By Tim Shaw, Jack Rametta

Thursday, June 22, 2017

A preview of the Social Security and Medicare Trustees’ reports


Nearly 61 million Americans receive benefits from Social Security and since its inception, the program has lifted millions out of poverty, helping to reduce the poverty rate among older Americans from 30 percent in 1966 down to 9 percent in 2015. Medicare is similar in both scale and importance; of its 55 million beneficiaries, about 45 percent have annual incomes below $25,000.

In total, the federal government spent nearly $1.5 trillion on Social Security and Medicare in 2016, and regardless of policy disagreements surrounding the programs, one thing remains clear: their current and future financial status is of the utmost importance, both to the government and public of the United States.

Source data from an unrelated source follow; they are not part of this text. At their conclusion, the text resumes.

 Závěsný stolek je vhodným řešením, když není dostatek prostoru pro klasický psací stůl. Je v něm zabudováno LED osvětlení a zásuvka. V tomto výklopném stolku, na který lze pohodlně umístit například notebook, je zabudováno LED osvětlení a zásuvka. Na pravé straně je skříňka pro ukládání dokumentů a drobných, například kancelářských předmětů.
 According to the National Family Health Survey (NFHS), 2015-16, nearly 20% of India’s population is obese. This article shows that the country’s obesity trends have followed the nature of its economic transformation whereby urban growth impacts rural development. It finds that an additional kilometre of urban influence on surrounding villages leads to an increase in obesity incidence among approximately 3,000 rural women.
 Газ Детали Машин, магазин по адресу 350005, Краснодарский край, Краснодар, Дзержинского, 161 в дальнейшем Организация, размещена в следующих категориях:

For this reason, the Boards of Trustees for Social Security and Medicare release annual reports detailing the financial health of these programs. While invaluable, these reports are hundreds of pages long, and can seem impenetrable without significant prior program knowledge or expertise. To assist policymakers and the public in the interpretation of these lengthy and technical documents, BPC is providing a platform to the former public trustees for Social Security and Medicare, Charles P. Blahous III and Robert Reischauer, to provide bipartisan, independent analysis of the programs’ finances. In preparation for the upcoming 2017 Social Security and Medicare Trustees’ reports, Blahous and Reischauer have produced a preview brief highlighting some key facts, figures, and analysis to look for when the trustees’ reports are published.

In total, the federal government spent nearly $1.5 trillion on Social Security and Medicare in 2016… their current and future financial status is of the utmost importance.

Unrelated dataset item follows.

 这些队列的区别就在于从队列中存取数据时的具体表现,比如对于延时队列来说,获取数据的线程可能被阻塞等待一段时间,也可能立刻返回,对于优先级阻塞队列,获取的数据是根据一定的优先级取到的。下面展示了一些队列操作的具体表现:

Before offering detailed program analysis, the trustees’ reports provide background information on how Social Security and Medicare are funded and the beneficiaries they serve. The table below presents an overview of the differences between the two programs across their benefits and financing. For Medicare Hospital Insurance (HI) and Social Security Old-Age and Survivors Insurance (OASI) and Disability Insurance (DI), the main revenue source is payroll taxes, while for Medicare Supplementary Medical Insurance (SMI), the financing primarily comes from general government revenue and premiums paid by and on behalf of participants. In terms of benefits, OASI and DI offer cash benefits, while both HI and SMI offer in-kind benefits, although of different varieties (as described below). 

Trust FundNumber of Beneficiaries (Millions)Benefits FinancedPrimary Financing MechanismPayroll Tax Rate
OASI (Social Security)50.3Retired workers, their families, survivorsPayroll tax10.03 percent
DI (Social Security)10.6Disabled workers, their familiesPayroll tax2.37 percent*
HI (Medicare, Part A)55.1Hospital, home health following hospital, skilled nursing facilities, hospicePayroll tax2.90 percent
SMI (Medicare, Parts B and D)50.7 and 41.8Physician, outpatient hospital, home health, drug coverageGeneral government revenue and premiums paid by and on behalf of participantsN/A
*This rate is temporary, enacted by the 2015 Bipartisan Budget Act to address then impending DI trust fund depletion; the rate will drop to 1.8 percent on January 1, 2019 (and the rate for OASI will increase commensurately).

A wide array of sustainability metrics are published in the trustees’ reports (many of which can be found in Appendix A of the preview brief), but the following are a few key data points we will be paying particular attention to when the reports are released in the coming weeks.

  • Changes in the trust funds’ funding shortfalls: The trustees’ reports include a projection of how much each trust fund’s costs exceed its income in the long-term. We will be looking to see if changes in economic, demographic, or programmatic assumptions have increased or decreased the various trust funds’ financing shortfalls over the past year.
  • The size of changes needed for trust fund solvency: An easy way to understand the size of the trust fund shortfalls are through the changes in benefits or taxes needed to eliminate the shortfalls. Without policy changes, those necessary adjustments generally increase over time, and the larger they grow, the harder it will be for policymakers to fix the problem.
  • Trust fund depletion dates: Medicare’s HI and Social Security’s OASI and DI trust funds are not allowed to borrow. Consequently, when they run out of funds, they must delay payments, essentially cutting program benefits and medical provider payments. If the anticipated depletion dates are sooner than they were projected to be in 2016, that would signal a worsening of the trust funds’ financial position, and vice versa.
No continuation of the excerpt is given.